Does the right hon. Gentleman not consider that the conditions have changed very materially owing to the fact that a great number of houses have been destroyed, and that overcrowding is infinitely greater now than it was even last year? It is growing because no new houses have been built and a great number of houses have been destroyed. Families are compelled to live in a couple of rooms and a father who has lost his wife, and is left with three or four children, cannot bring in a resident housekeeper unless, of course, they occupy the same room, but that would not be the intention of the Income Tax law. You may have the case of two people living next door to each other. One man may have a whole house and one child and will be entitled, if he has a resident housekeeper, to the concession now given, while next door you may have a man living in two rooms, who is unable to get any other accommodation, having three or four or more children.
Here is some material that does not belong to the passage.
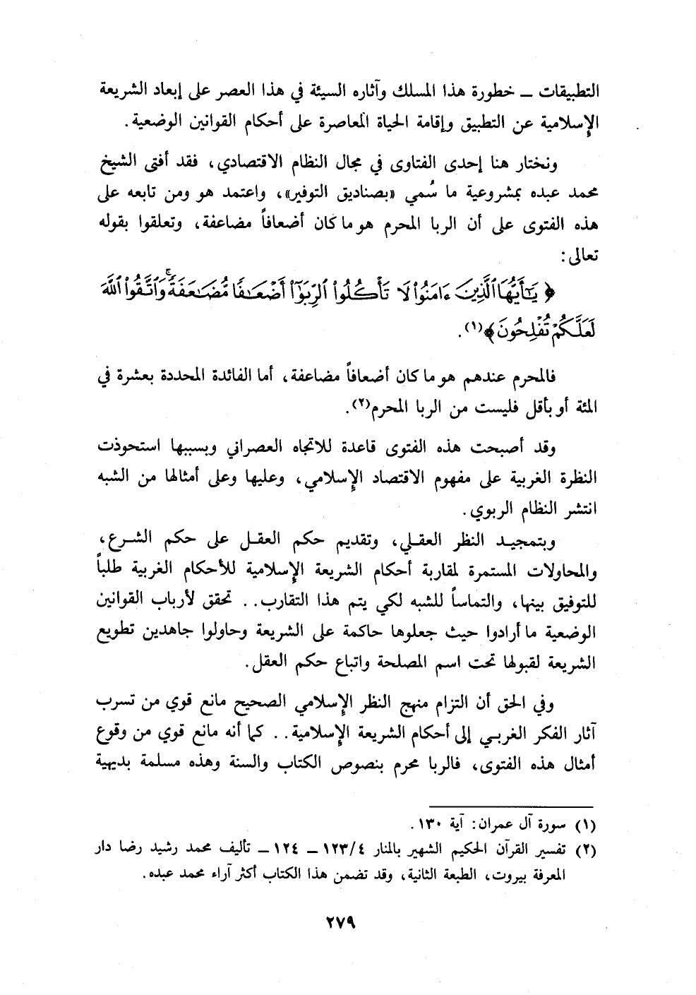 (٢) تفسير القرآن الحكيم الشهير بالمنار ٤/ ١٢٣ - ١٢٤ - تأليف محمد رشيد رضا دار المعرفة بيروت، الطبعة الثانية، وقد تضمن هذا الكتاب أكثر آراء محمد عبده.

There are many such cases. Surely some concession ought to be made now, because of those changed circumstances, to the man with the large family living in congested conditions?

Sir J. Anderson

I want to give the fullest consideration to every argument that may be brought forward, but I cannot really agree that since this time last year there has been any such change in actual conditions as would in itself justify a change.

Sir R. Tasker

According to my information and experience over some 25 years in connection with an institution, a disabled ex-Service man's pension is governed by the percentage of disability at the time of his examination. We have found that whilst some men respond to treatment, others get much worse and become totally disabled, and the latter are then told that they must prove that this extra disability is due to war service. I think the Chancellor has not made—

The Temporary Chairman (Sir Cyril Entwistle)

I do not think that question arises on this new Clause.

Question, "That the Clause be read a Second time," put, and negatived.